# [Task]
With the pictures set aside, return the lines below exactly, beginning at the first and ending at the line containing "Dynamo model for".

==== Provided entries

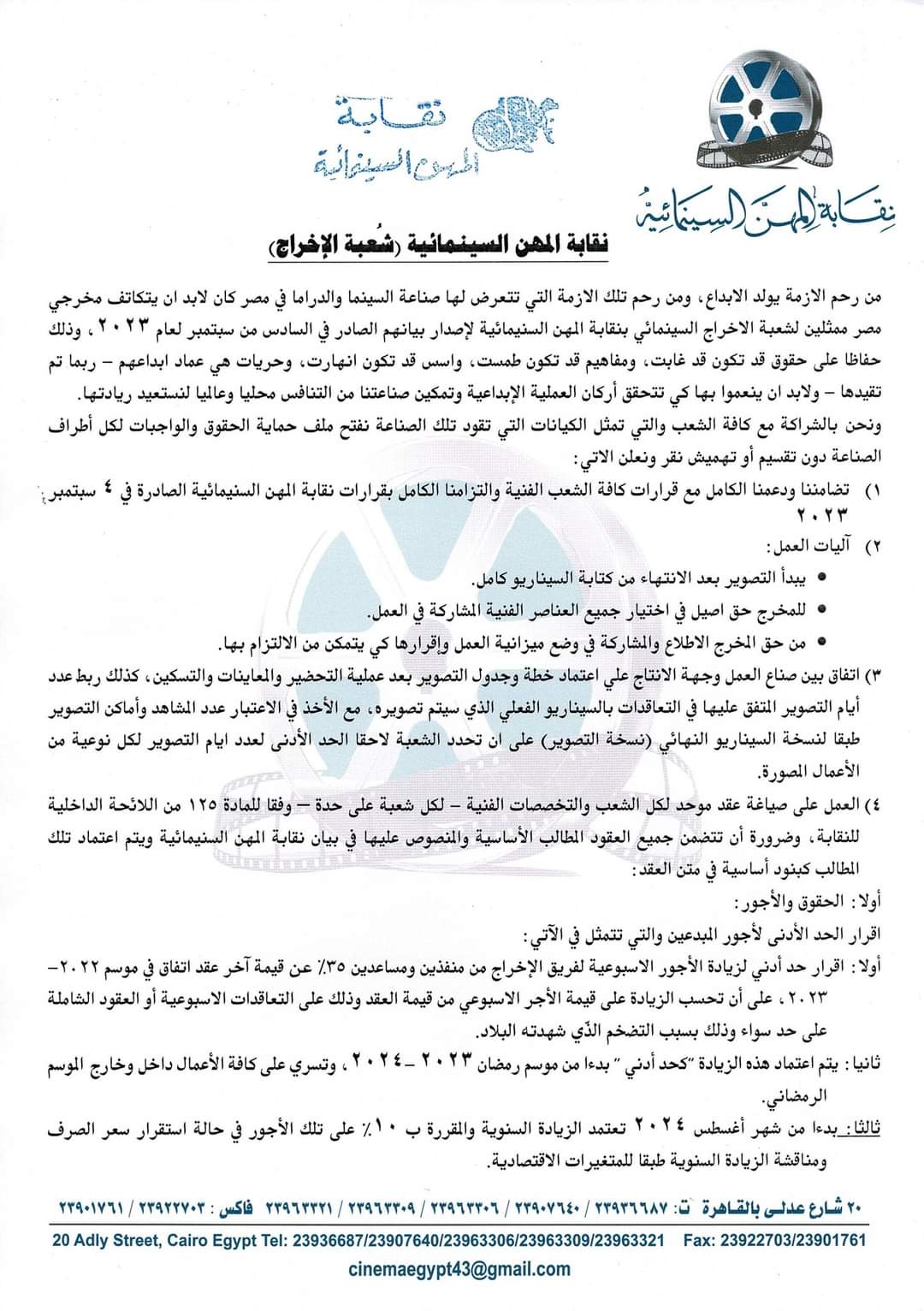 إقرار الحد الأدنى لأجور المبدعين والتي تتمثل في الآتي: أولا: إقرار حد أدني لزيادة الأجور الإسبوعية لفريق الإخراج من منفذين ومساعدين 35% عن قيمة آخر عقد اتفاق في موسم 2023، على أن تحسب الزيادة على قيمة الأجر الإسبوعي من قيمة العقد وذلك على التعاقدات الإسبوعية أو العقود الشاملة على حد سواء وذلك بسبب التضخم الذي شهدته البلاد.
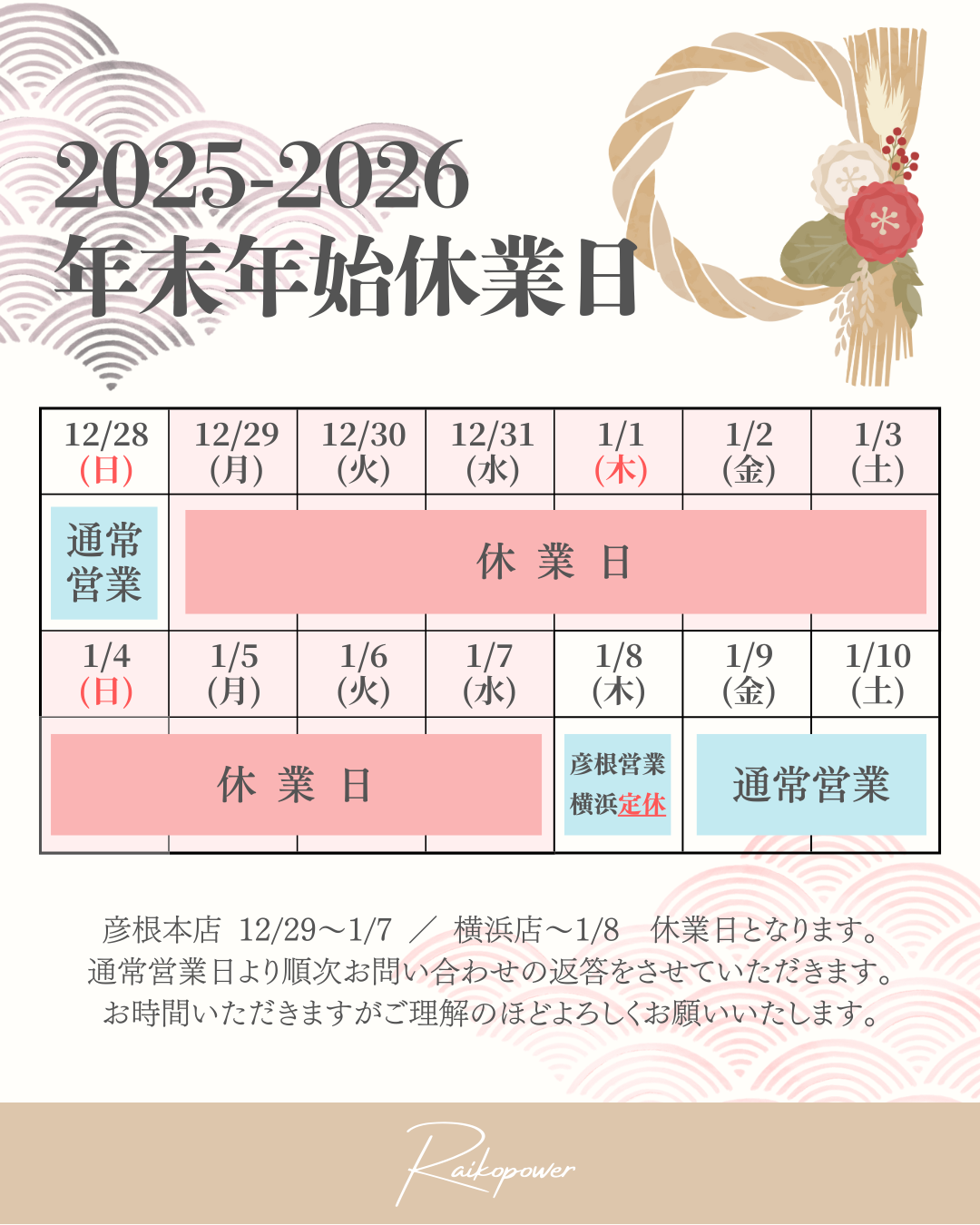 いつもRAIKO彦根本店・横浜店をご利用いただきありがとうございます。 誠に勝手ながら下記日程を年末年始休業日とさせて頂きます。 彦根本店 12月29日(金)~1月4日(木) 横浜店 12月29日(金)~1月5日(金) […]
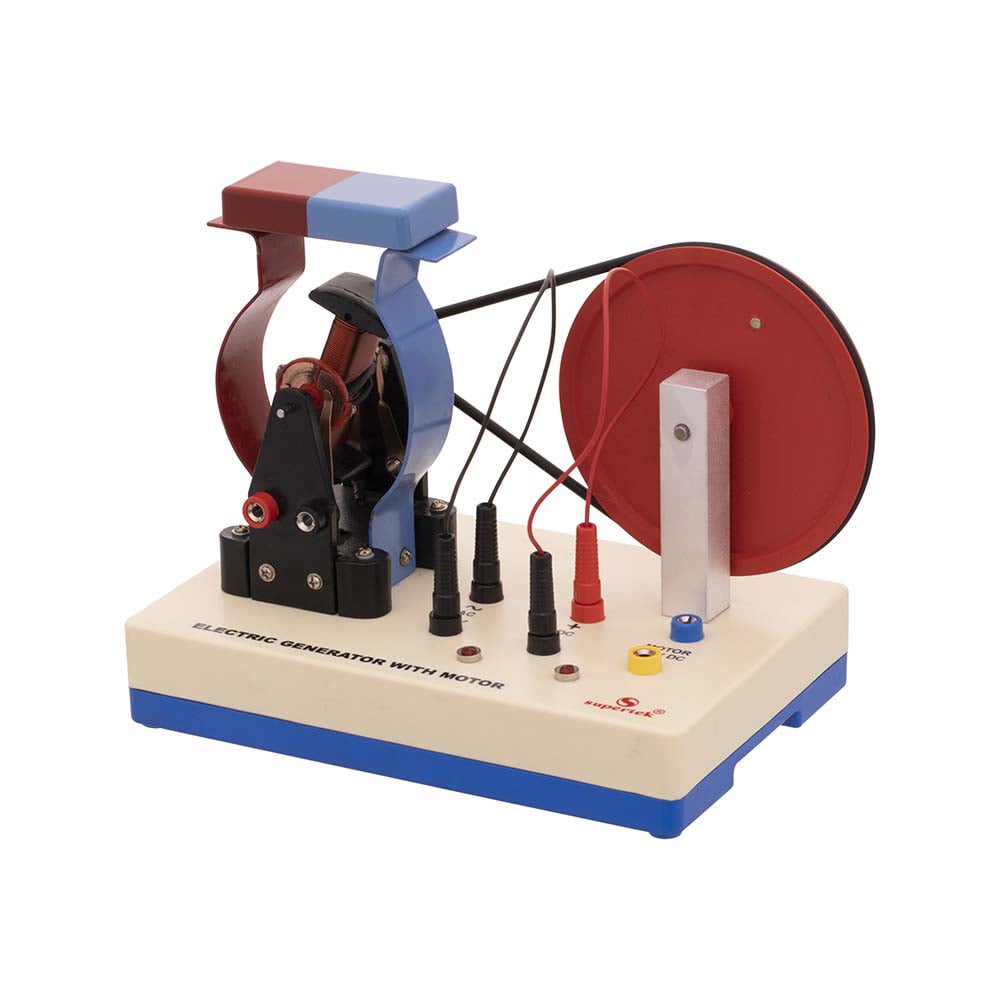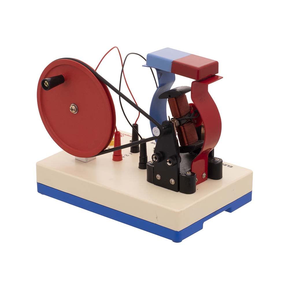 Dynamo model for generating electrical current using a commutator. The setup includes driving wheel (with one spare belt) mounted on plastic base. LED is also provided as a simple output indicator.
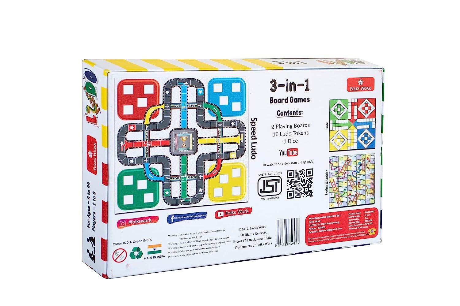 Folks Work Ludo 3in1 Board Game – Best Games for All Ages,Three Exciting Games in One Package, Traditional Ludo, Snakes and Ladders, Players 2 to 8
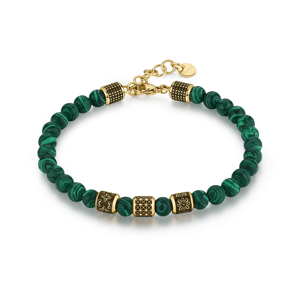 Pánsky náramok na ruku z chirurgickej ocele s malachitovými korálkami. Povrch oceľových častí náramku je pozlátený technológiou PVD a černený smaltovaním. Zapínanie náramku je karabínové, dĺžka náramku 22cm.
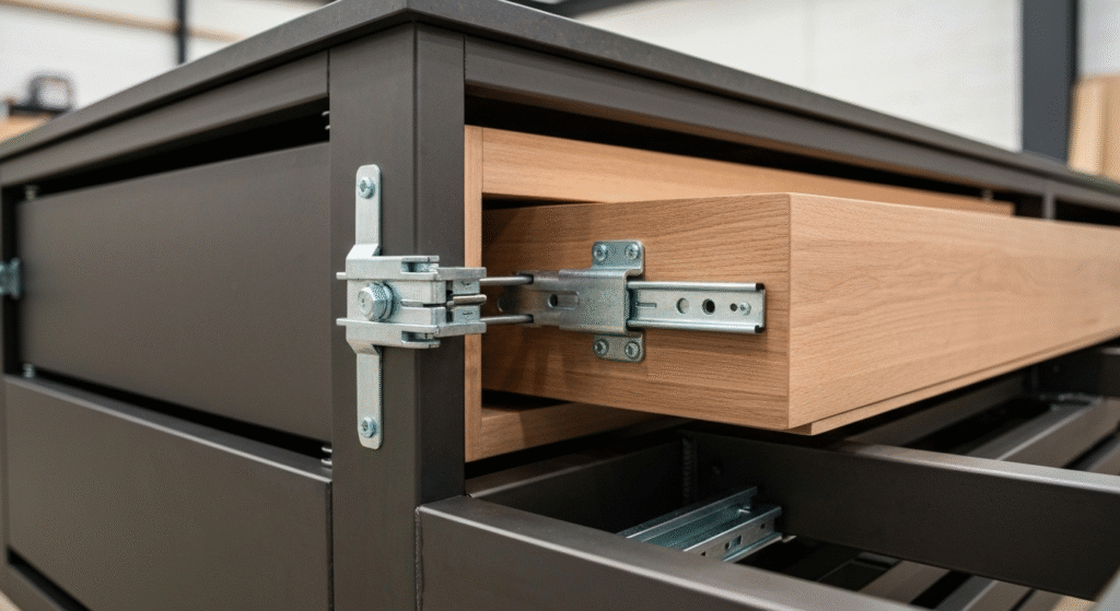 Rail and Pin/Latch LockExtremely secure and stable; ideal for heavy loads.Can be more complex to install; visible hardware may not suit all styles.Drawer modules, appliance lifts, or any heavy-duty application.
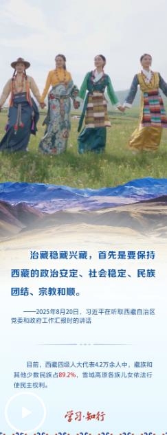 2025年8月20日,習(xí)近平總書記率中央代表團(tuán)乘專機(jī)抵達(dá)拉薩,出席西藏自治區(qū)成立60周年慶?;顒?dòng)。在聽(tīng)取西藏自治區(qū)黨委和政府工作匯報(bào)時(shí),習(xí)近平總書記強(qiáng)調(diào),“持續(xù)深入抓好穩(wěn)定、發(fā)展、生態(tài)、強(qiáng)邊四件大事,努力建設(shè)團(tuán)結(jié)富裕文明和諧美麗的社會(huì)主義現(xiàn)代化新西藏”。
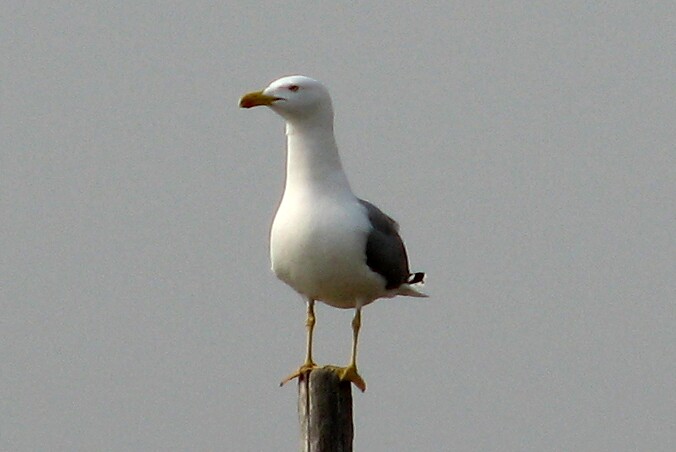Yellow-legged Gull. La Palissade, Camargue, 3/28/07. I just liked the way it was standing on the post in the water.

========

# [Exercise answer]
 إقرار الحد الأدنى لأجور المبدعين والتي تتمثل في الآتي: أولا: إقرار حد أدني لزيادة الأجور الإسبوعية لفريق الإخراج من منفذين ومساعدين 35% عن قيمة آخر عقد اتفاق في موسم 2023، على أن تحسب الزيادة على قيمة الأجر الإسبوعي من قيمة العقد وذلك على التعاقدات الإسبوعية أو العقود الشاملة على حد سواء وذلك بسبب التضخم الذي شهدته البلاد.
 いつもRAIKO彦根本店・横浜店をご利用いただきありがとうございます。 誠に勝手ながら下記日程を年末年始休業日とさせて頂きます。 彦根本店 12月29日(金)~1月4日(木) 横浜店 12月29日(金)~1月5日(金) […]
 Dynamo model for generating electrical current using a commutator. The setup includes driving wheel (with one spare belt) mounted on plastic base. LED is also provided as a simple output indicator.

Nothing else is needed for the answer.